▶ _Activity_
The full listing should be written out verbatim, and its images should be dropped.

▶ _Data_
******

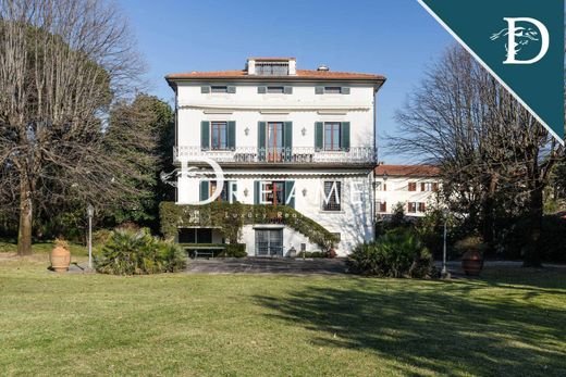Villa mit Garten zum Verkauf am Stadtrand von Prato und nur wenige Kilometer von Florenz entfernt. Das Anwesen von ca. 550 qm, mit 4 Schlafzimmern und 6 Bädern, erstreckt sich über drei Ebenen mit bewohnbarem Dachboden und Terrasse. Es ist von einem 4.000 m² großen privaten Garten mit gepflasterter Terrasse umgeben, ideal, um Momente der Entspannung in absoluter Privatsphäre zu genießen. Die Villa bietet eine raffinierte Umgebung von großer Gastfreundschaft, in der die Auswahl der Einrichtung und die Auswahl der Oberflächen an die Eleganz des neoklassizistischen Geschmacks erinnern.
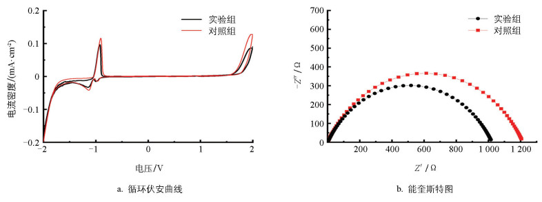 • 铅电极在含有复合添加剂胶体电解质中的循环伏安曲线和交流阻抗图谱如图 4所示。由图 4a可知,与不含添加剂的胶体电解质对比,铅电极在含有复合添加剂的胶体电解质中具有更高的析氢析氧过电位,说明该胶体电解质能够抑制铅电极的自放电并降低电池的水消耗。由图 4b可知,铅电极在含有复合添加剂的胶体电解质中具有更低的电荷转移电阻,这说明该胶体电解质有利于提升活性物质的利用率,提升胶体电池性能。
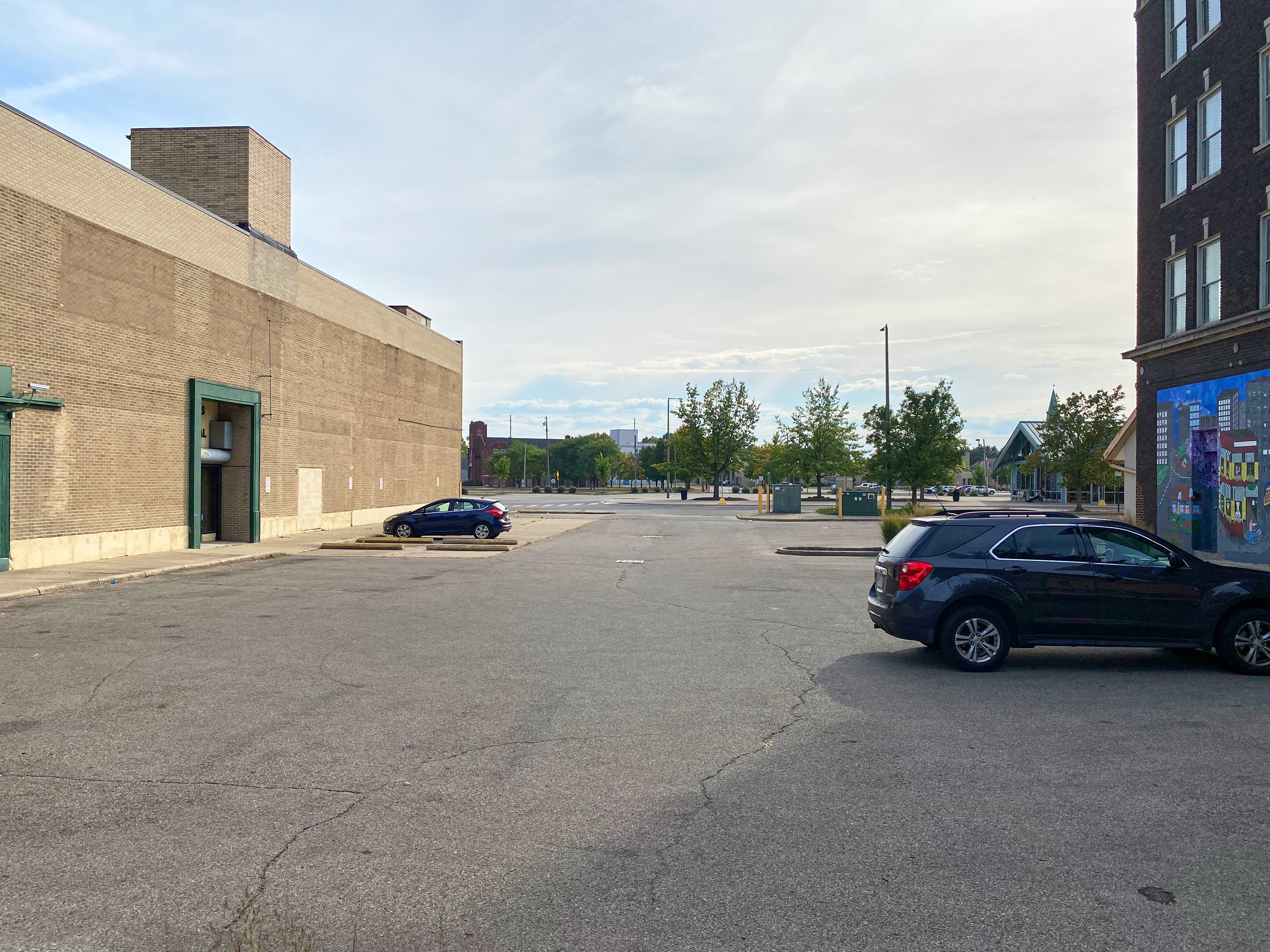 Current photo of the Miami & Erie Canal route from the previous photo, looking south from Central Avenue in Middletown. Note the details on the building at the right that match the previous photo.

******

▶ _Written answer_
Villa mit Garten zum Verkauf am Stadtrand von Prato und nur wenige Kilometer von Florenz entfernt. Das Anwesen von ca. 550 qm, mit 4 Schlafzimmern und 6 Bädern, erstreckt sich über drei Ebenen mit bewohnbarem Dachboden und Terrasse. Es ist von einem 4.000 m² großen privaten Garten mit gepflasterter Terrasse umgeben, ideal, um Momente der Entspannung in absoluter Privatsphäre zu genießen. Die Villa bietet eine raffinierte Umgebung von großer Gastfreundschaft, in der die Auswahl der Einrichtung und die Auswahl der Oberflächen an die Eleganz des neoklassizistischen Geschmacks erinnern.
 • 铅电极在含有复合添加剂胶体电解质中的循环伏安曲线和交流阻抗图谱如图 4所示。由图 4a可知,与不含添加剂的胶体电解质对比,铅电极在含有复合添加剂的胶体电解质中具有更高的析氢析氧过电位,说明该胶体电解质能够抑制铅电极的自放电并降低电池的水消耗。由图 4b可知,铅电极在含有复合添加剂的胶体电解质中具有更低的电荷转移电阻,这说明该胶体电解质有利于提升活性物质的利用率,提升胶体电池性能。
 Current photo of the Miami & Erie Canal route from the previous photo, looking south from Central Avenue in Middletown. Note the details on the building at the right that match the previous photo.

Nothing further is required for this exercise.